A good daily oral hygiene, healthy customs of life, and professional cleanings and care in dental surgery can eliminate most of the origins of halitosis.
Xerostomia (oral dryness)
Having an antibacterial and antifungal power, the saliva ensures also the regulation of oral pH. Saliva decrease thus creates a discomfort, and deprives of an invaluable natural protection against oral affections. In some cases, the use of salivary substitute or the use of fluorine may be good. Xerostomia is attributable to various factors: medical conditions, medication, hormonal modifications, radiotherapy, etc.
Perhaps you belong to the 75% of smokers who wish to stop this habit, but who need assistance. Like all the other health professionals, the dental hygienist has information on this subject (documentation, centres of assistance, etc.). And, as the very first signs of the harmful effects of the tobacco appear at the level of the mouth, the smoker will be informed about his oral state at each visit.

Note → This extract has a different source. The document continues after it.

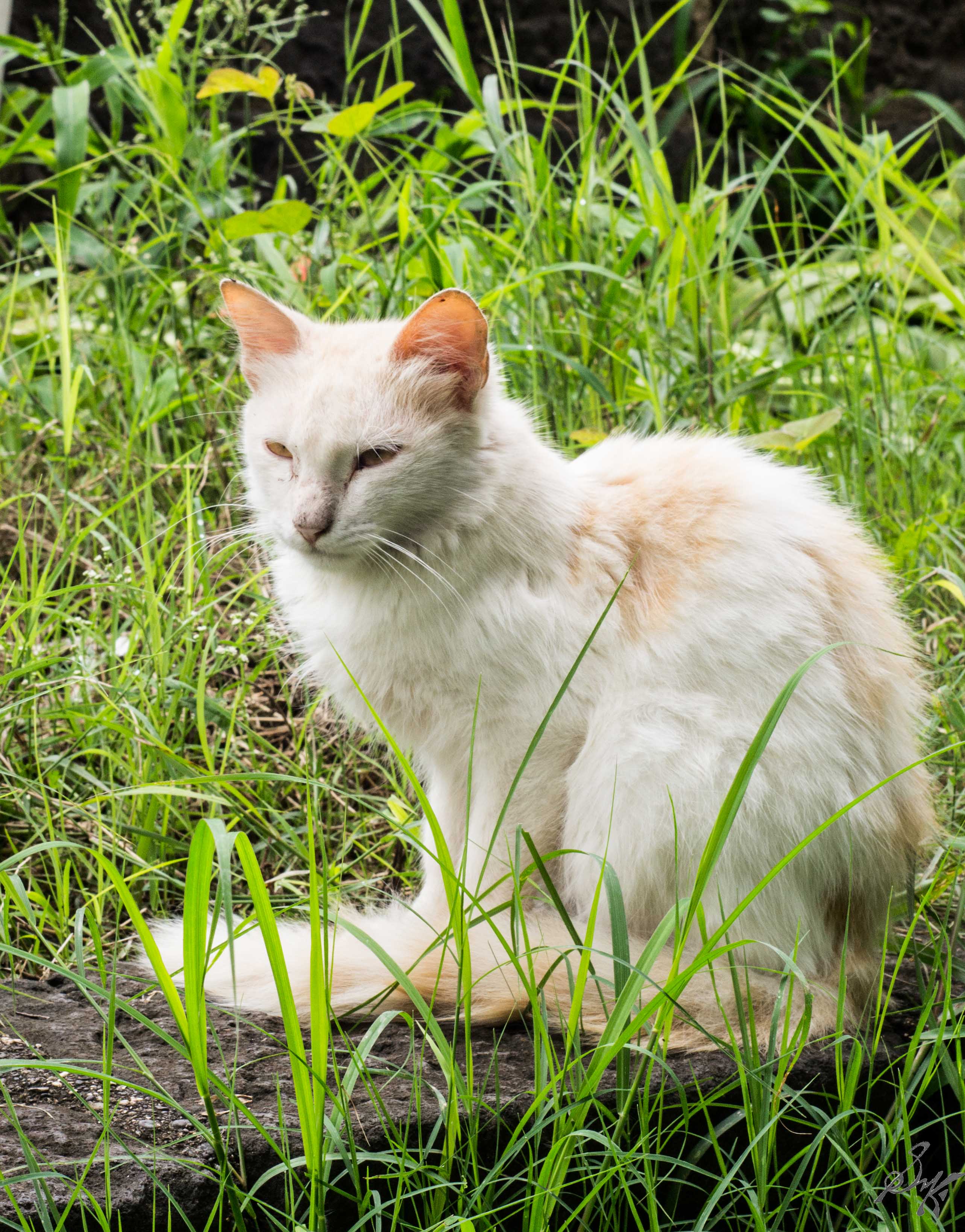 A week back, I was at Pune for my post graduation convocation ceremony. As a rule, I had my camera along with me. After all was over, as we were packing our bags to return, I notice this kitten, sleeping soundly. Approached her a bit and stroked her fur, she purred contently. I pulled out my camera, fired off a few shots, and she was surprised at the sound, a bit curious too I guess! Loved the expression on the face 🙂

The predisposition to oral cancer is more noticeable from the age of 45 years, and the main factors of risks are the tobacco addiction, the alcohol, the sun, bad food, the heredity, etc. The mouth and throat cancers have the characteristic to develop rapidly, and to be fatal if they are not detected early enough. Check regularly inside your mouth, and consult your dental professionals each year.